> _TASK TO COMPLETE_
For this exercise, repeat the whole listing below exactly. Leave the pictures out.

> _DATA SHOWN_
════════════════

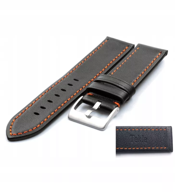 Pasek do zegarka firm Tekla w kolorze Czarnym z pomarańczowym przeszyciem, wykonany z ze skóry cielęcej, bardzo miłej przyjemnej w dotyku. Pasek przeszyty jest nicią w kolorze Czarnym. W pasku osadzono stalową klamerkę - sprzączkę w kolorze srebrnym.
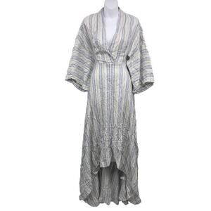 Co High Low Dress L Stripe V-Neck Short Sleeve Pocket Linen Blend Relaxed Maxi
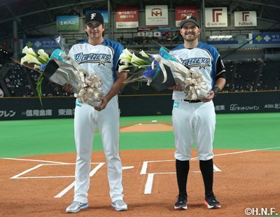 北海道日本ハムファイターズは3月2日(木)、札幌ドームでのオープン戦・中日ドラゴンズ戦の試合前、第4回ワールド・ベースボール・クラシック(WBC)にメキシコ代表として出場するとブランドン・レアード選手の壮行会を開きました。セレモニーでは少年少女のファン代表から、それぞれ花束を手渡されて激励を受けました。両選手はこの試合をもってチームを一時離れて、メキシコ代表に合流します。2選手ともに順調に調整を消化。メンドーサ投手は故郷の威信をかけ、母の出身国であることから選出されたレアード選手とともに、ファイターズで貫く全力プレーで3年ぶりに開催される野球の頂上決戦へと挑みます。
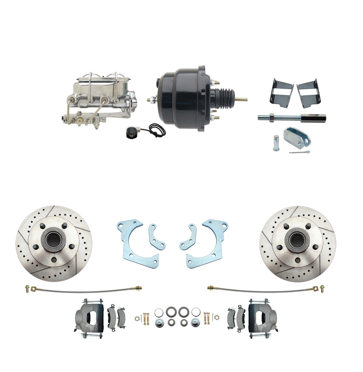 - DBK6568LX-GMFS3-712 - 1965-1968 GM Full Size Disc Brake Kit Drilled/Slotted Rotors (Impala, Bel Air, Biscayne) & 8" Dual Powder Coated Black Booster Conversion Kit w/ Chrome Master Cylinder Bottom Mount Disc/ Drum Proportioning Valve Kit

════════════════

> _ANSWER BOX_
 Pasek do zegarka firm Tekla w kolorze Czarnym z pomarańczowym przeszyciem, wykonany z ze skóry cielęcej, bardzo miłej przyjemnej w dotyku. Pasek przeszyty jest nicią w kolorze Czarnym. W pasku osadzono stalową klamerkę - sprzączkę w kolorze srebrnym.
 Co High Low Dress L Stripe V-Neck Short Sleeve Pocket Linen Blend Relaxed Maxi
 北海道日本ハムファイターズは3月2日(木)、札幌ドームでのオープン戦・中日ドラゴンズ戦の試合前、第4回ワールド・ベースボール・クラシック(WBC)にメキシコ代表として出場するとブランドン・レアード選手の壮行会を開きました。セレモニーでは少年少女のファン代表から、それぞれ花束を手渡されて激励を受けました。両選手はこの試合をもってチームを一時離れて、メキシコ代表に合流します。2選手ともに順調に調整を消化。メンドーサ投手は故郷の威信をかけ、母の出身国であることから選出されたレアード選手とともに、ファイターズで貫く全力プレーで3年ぶりに開催される野球の頂上決戦へと挑みます。
 - DBK6568LX-GMFS3-712 - 1965-1968 GM Full Size Disc Brake Kit Drilled/Slotted Rotors (Impala, Bel Air, Biscayne) & 8" Dual Powder Coated Black Booster Conversion Kit w/ Chrome Master Cylinder Bottom Mount Disc/ Drum Proportioning Valve Kit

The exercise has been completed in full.